Выбрать главу

Гремучая декоративная бенедиктовщина, полученная из рук Белинского, докатывается до них как последний отзвук отлетевшей бури. Молодые проходят через Бенедиктова как через искус; пробуют и отбрасывают: взамен стонов и воплей ищут определенность. Ищут графичность, ясность, единство.

Граничная объективность «изваянного» антологического жанра. Ясность и задушевность простой песни. Жесткая дельность зарисовки: единство слова и дела. В зависимости от того, какая струна ведет в аккорде, из плотной группы молодых то одного, то другого общественное мнение выдвигает на первый план. Одно время впереди Фета ставит скульптурно-мраморного, чеканно-медного Аполлона Майкова. Потом – задушевного, милого, естественного по интонации Якова Полонского. Много лет Фет идёт им в затылок как «типичный представитель чистого искусства». Лишь в конце века всё встает на свои места.
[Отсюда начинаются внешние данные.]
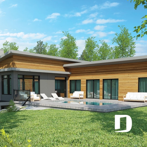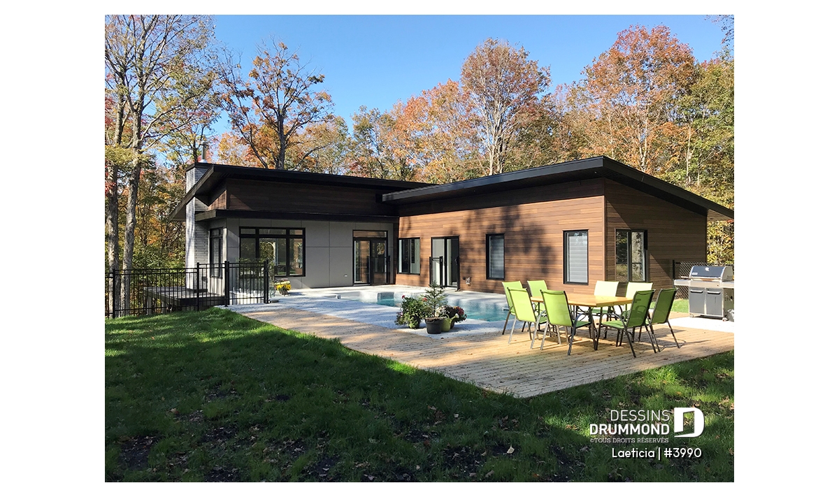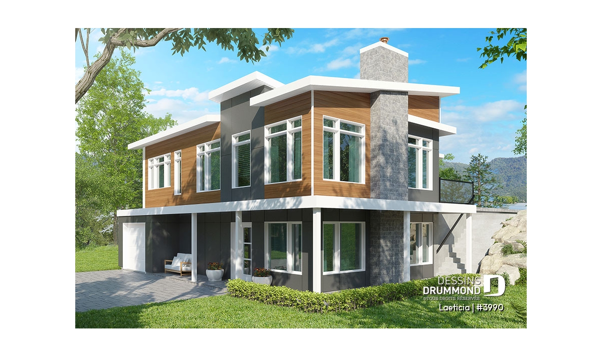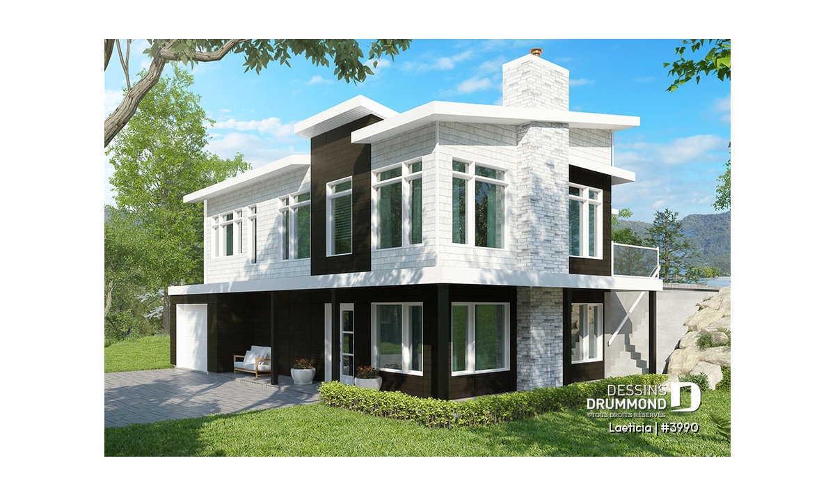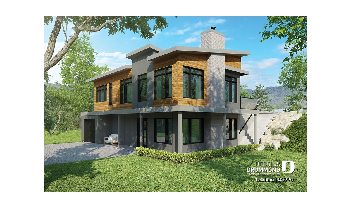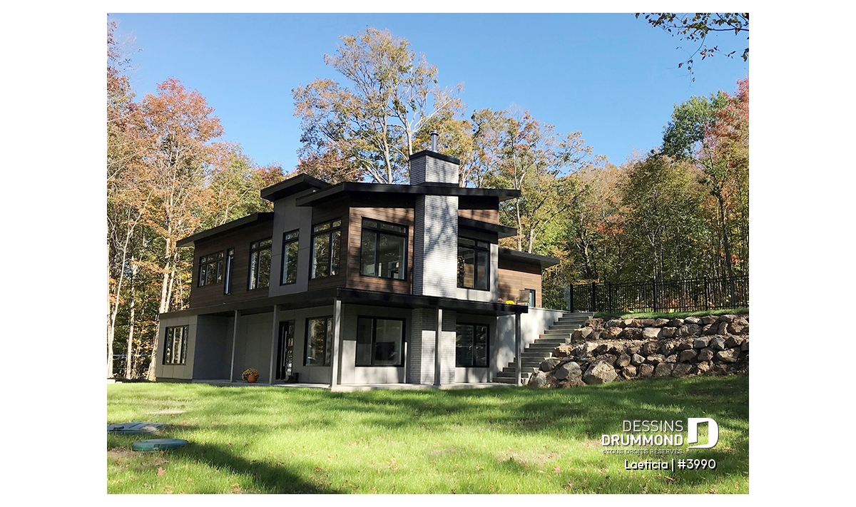 Maison genre chalet contemporain, avec l'espace habitable à l'étage (maison principale).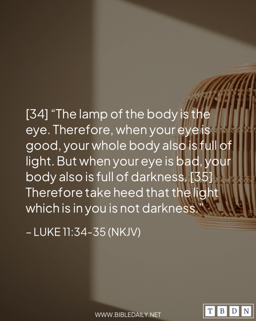 [34] “The lamp of the body is the eye. Therefore, when your eye is good, your whole body also is full of light. But when your eye is bad, your body also is full of darkness. [35] Therefore take heed that the light which is in you is not darkness.” – Luke 11:34-35 (NKJV)

Более сложное и долгое взаимоборство суждено Фету с другим его сверстником, главным поэтом наступавшей эпохи Некрасовым. Это соотношение решается уже за пределами девятнадцатого столетия, когда время постепенно высвечивает в Фете поэта, соизмеримого с гигантской фигурой певца «мести и печали». Но для этого Фет должен еще перерасти в сознании потомков рамки «чистого искусства»: недаром же в работах стиховедов нашего времени пленительная простота, музыкальная ясность и пластическая точность Фета осознаются такими же откликами «натуральной школы» и таким же предвестьем эпического русского романа, как пересоздавшая русский стих тяжелая некрасовская дума.
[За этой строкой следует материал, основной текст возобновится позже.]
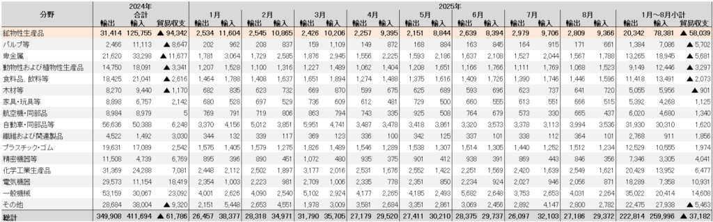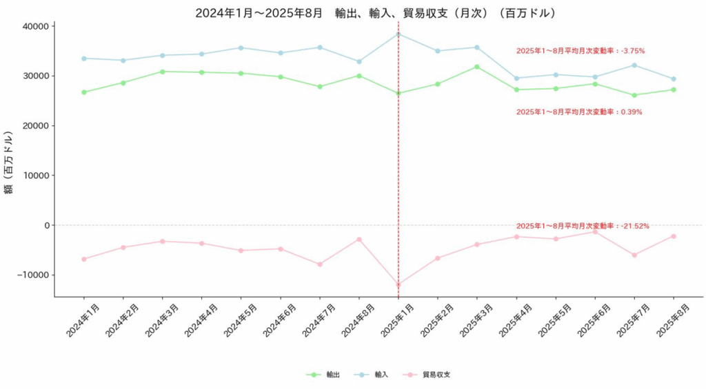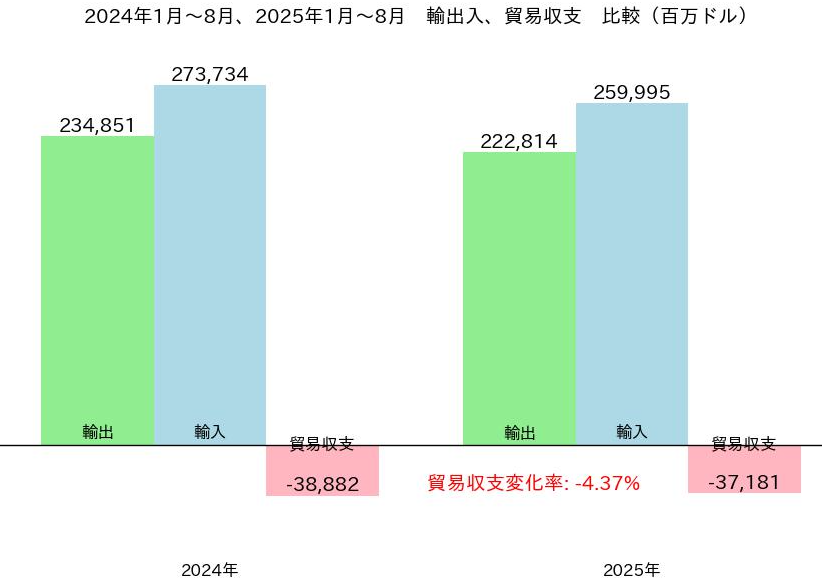 2025年1月~8月小計では、輸出額が2,228億ドル、輸入額が2,600億ドル、貿易収支が372億ドルの赤字で、赤字額は昨年同時期比で17億ドル(4.4%)減少している。
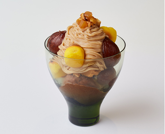 中には栗アイス、アマゾンカカオを使用した濃厚なカカオアイス、オレンジピールが入っています。そこにブランデーを効かせた栗ペーストをたっぷり絞り、栗渋皮煮、栗甘露煮を盛り付けた秋にぴったりの栗づくしのパフェ。

Но вряд ли это можно угадать, скажем, в начале шестидесятых годов девятнадцатого века, когда логика борьбы разводит Фета и Некрасова на полюса русского сознания. И тем более – в начале сороковых, когда оба они дебютируют первыми сборниками, причем дебютируют похоже, в эпигонски-романтическом духе, и оба – безымянно: один – «Мечтами и звуками», подписанными: «H. H.», другой – «Лирическим Пантеоном», подписанным «А. Ф.».

Оба разгромлены критикой.

С первых шагов Фету ясно, что в литературе его путь не будет легким. И, однако, уже теперь что-то дает ему силы держаться независимо. Что-то за пределами литературы. Пока в журнальном кругу стихи Фета придирчиво читают критики (и это еще только начало!), за пределами этого круга безвестная и бессловесная Россия… не то что читает стихи Фета – она их… поет. Столетие спустя историки словесности осознают этот факт научно; они оценят и мелодическую смелость Фета, сведшего поэзию в «низины» романса, как оценят и мелодическую смелость Некрасова, сведшего ее в «низкую» прозаичность. На практике же всё происходит спонтанно: Варламов кладет стихи Фета на музыку, и «вся Россия» его поет. Да только ли Россия! Плохонький немецкий оркестрик на пароходе, шлепающем до Свинемюнде, пилит «На заре ты ее не буди», стараясь угодить пассажирам из России и не подозревая, что среди пассажиров плывёт двадцатитрехлетний студент, написавший эти строки.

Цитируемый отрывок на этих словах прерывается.